Облака под самолетом громоздились огромными снежными скалами. Они были пробиты наискось сильными сине красными лучами заходящего солнца. Здесь,
в Азии, они были какие то особые, эти облака. В Европе они были плоские, а здесь громоздились, словно повторяя своей невесомостью грозные
контуры Гималаев.
«Но все таки Нора напутала в главном, – подумал Люс, сделав еще один глоток, – она смешала доброту с безволием. Она решила, что я безвольная
тряпка, и сказала мне, что я женился на ней из за ее наследства.
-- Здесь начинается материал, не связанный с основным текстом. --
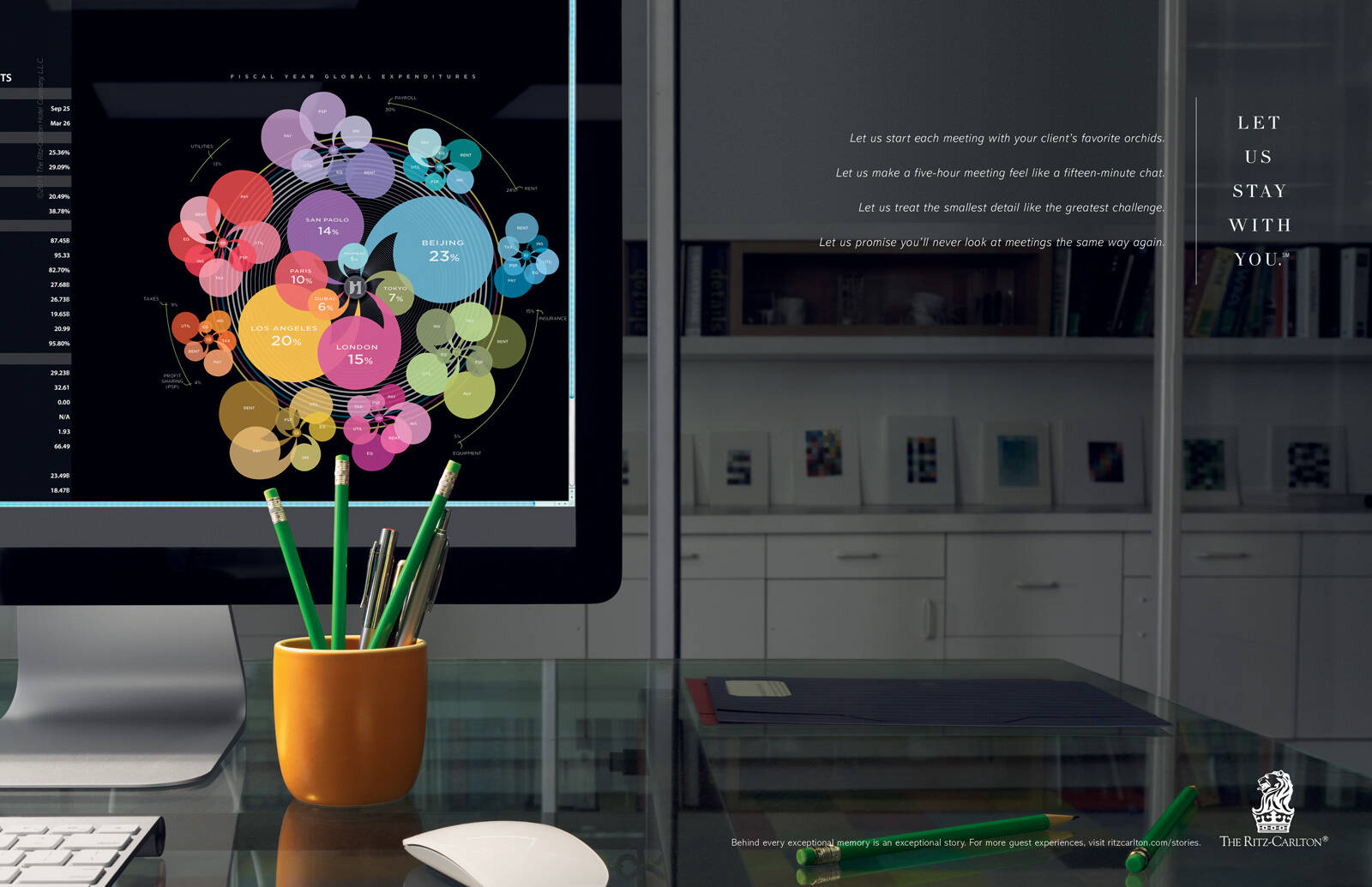 This professional campaign titled 'Flower Arrangement, Skyline, Cucumber Eyes, Sailboat, Umb...' was published in United States in September, 2011. It was created for the brand: The Ritz-Carlton, by ad agency: Team One. This Print medium campaign is related to the Transport industry and contains 5 media assets. It was submitted about 14 years ago.

И этим она угробила наш альянс, именуемый католическим браком. Это значит, я
жил десять лет с человеком, который не верил мне ни на йоту. Хотя Паоло прав – все от комплекса... Наследство папы генерала... Мы получили от
него в подарок „фольксваген“, прошедший сорок две тысячи... Конечно, я женился на этом „фольксвагене“, на ком же еще?! „Мы не можем разойтись,
потому что у нас дети!“ Но я ведь плохой отец, по твоим словам! А ты отменная мать! „Кому нужны твои фильмы?! Кому?!“ Все верно. Никому. Дерьмо,
а не фильмы. А вот этот может получиться. Потому что продюсеры под него не дали ни копейки... А тебе, моя радость, придется пойти поработать в
оффис... Триста сорок марок в месяц – за культурные манеры и благопристойную внешность. Если человеку говорить десять лет, что он свинья, он в
это уверует – так, кажется, в пословице? Но я пока еще капельку верю в то, что остаюсь человеком...»
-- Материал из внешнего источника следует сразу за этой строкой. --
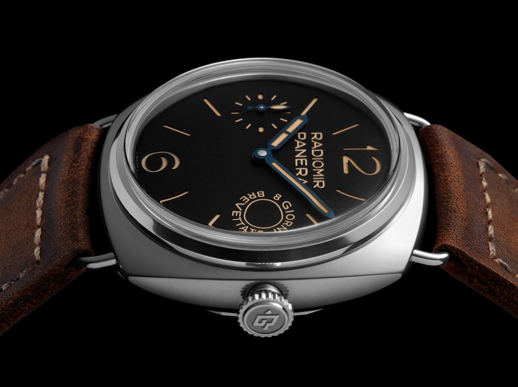 Presented in black with a nice Matt finish, the dial has a familiar Panerai aesthetic. It features a sandwich-style construction with batons and bold Arabic numerals at 12 and 6 that have been cut out to expose a layer of superluminova sitting beneath. This gives the dial a sense of depth and helps emit a strong and long-lasting glow making it easy to read the time in dimly lit situations. At 9 o’clock is a subsidiary seconds register, and in a thoughtful move to maintain the symmetry and balance of the dial, at 3 is the text “8 GIORNI BREVETTATO” that indicates the 8-day power reserve this watch offers. One of my favorite detail on this dial are the thermally blued hands that add a nice pop of the color to the watch and akin to the overall lume application have been filled with custard colored luminous paint to evoke a vintage vibe.

Он купил билет из Берлина с десятичасовой остановкой в Венеции. Там он сразу же поехал по главному каналу, сошел на Санта Лючия, не доезжая
остановки до площади Святого Марка, чтобы еще раз – второй раз в жизни – пройти по махоньким улочкам, мимо «Гритти», выпить чего нибудь крепкого
в павильоне на набережной, который всегда пустует, несмотря на рекламу и рисунки с обещанием самых дешевых блюд: англичанам – английских, янки –
американских... Этот несчастный павильон всегда пустует, потому что Хемингуэй обычно пил в соседнем «Гарри».
Там, постояв на площади, Люс мучительно вспоминал название римского фонтана, куда надо бросить одну монету, чтобы вернуться в Вечный город, две
– чтобы жениться на любимой, а три монетки надо кидать тому, кто хочет развестись...
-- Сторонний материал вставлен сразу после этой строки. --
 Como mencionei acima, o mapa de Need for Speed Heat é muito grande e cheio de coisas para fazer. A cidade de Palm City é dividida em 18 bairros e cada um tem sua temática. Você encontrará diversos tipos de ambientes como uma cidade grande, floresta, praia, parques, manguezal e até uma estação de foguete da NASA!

«Почему я уперся в этот проклятый фонтан? – подумал тогда Люс. – А, ясно, просто здесь, на Святом Марке, нет фонтана, а моя мещанская натура
вопиет против этого: такая громадная площадь – и без фонтана. А поставь на ней фонтан – все бы рассыпалось к чертовой матери: гармония
разрушается одним штрихом раз и навсегда».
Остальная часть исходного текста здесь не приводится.